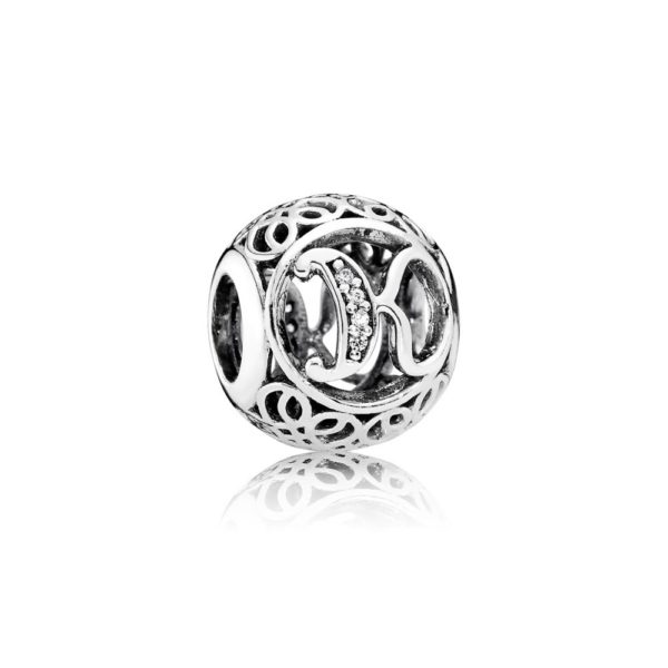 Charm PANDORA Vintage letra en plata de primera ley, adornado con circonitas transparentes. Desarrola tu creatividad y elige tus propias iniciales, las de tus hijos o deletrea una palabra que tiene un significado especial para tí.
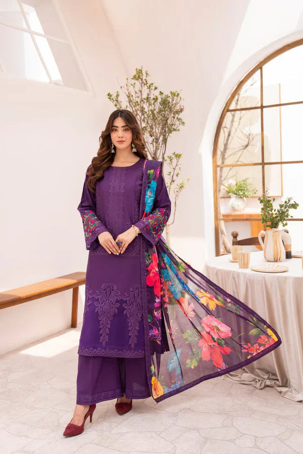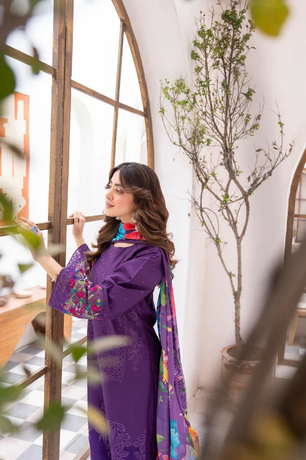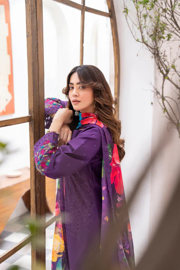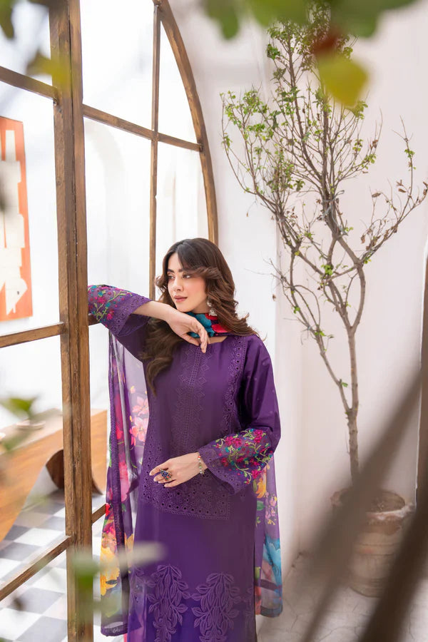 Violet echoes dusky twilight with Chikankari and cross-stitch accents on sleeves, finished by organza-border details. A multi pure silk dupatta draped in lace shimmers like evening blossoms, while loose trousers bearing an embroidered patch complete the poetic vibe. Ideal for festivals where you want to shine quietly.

-=-=-=-=-

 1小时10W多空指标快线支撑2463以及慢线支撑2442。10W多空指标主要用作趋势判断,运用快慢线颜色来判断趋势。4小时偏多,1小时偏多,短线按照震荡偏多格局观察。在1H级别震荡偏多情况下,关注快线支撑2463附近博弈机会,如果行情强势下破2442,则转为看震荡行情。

-=-=-=-=-

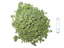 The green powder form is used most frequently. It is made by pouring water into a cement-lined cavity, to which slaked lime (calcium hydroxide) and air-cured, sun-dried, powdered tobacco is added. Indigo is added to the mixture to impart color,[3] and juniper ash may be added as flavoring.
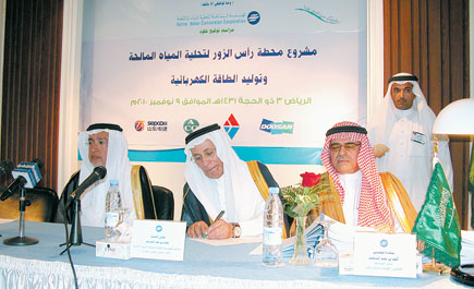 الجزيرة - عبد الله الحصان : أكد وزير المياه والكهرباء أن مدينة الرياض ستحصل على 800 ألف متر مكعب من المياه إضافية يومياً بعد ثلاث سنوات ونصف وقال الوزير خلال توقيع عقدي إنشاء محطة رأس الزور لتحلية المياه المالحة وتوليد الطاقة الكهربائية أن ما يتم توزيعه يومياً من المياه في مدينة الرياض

-=-=-=-=-

What is expected →
Pictures in the material above should be skipped; print exactly the lines from the one with "Charm PANDORA Vintage" through the one with "Violet echoes dusky twilight".

Solution for this task →
 Charm PANDORA Vintage letra en plata de primera ley, adornado con circonitas transparentes. Desarrola tu creatividad y elige tus propias iniciales, las de tus hijos o deletrea una palabra que tiene un significado especial para tí.
 Violet echoes dusky twilight with Chikankari and cross-stitch accents on sleeves, finished by organza-border details. A multi pure silk dupatta draped in lace shimmers like evening blossoms, while loose trousers bearing an embroidered patch complete the poetic vibe. Ideal for festivals where you want to shine quietly.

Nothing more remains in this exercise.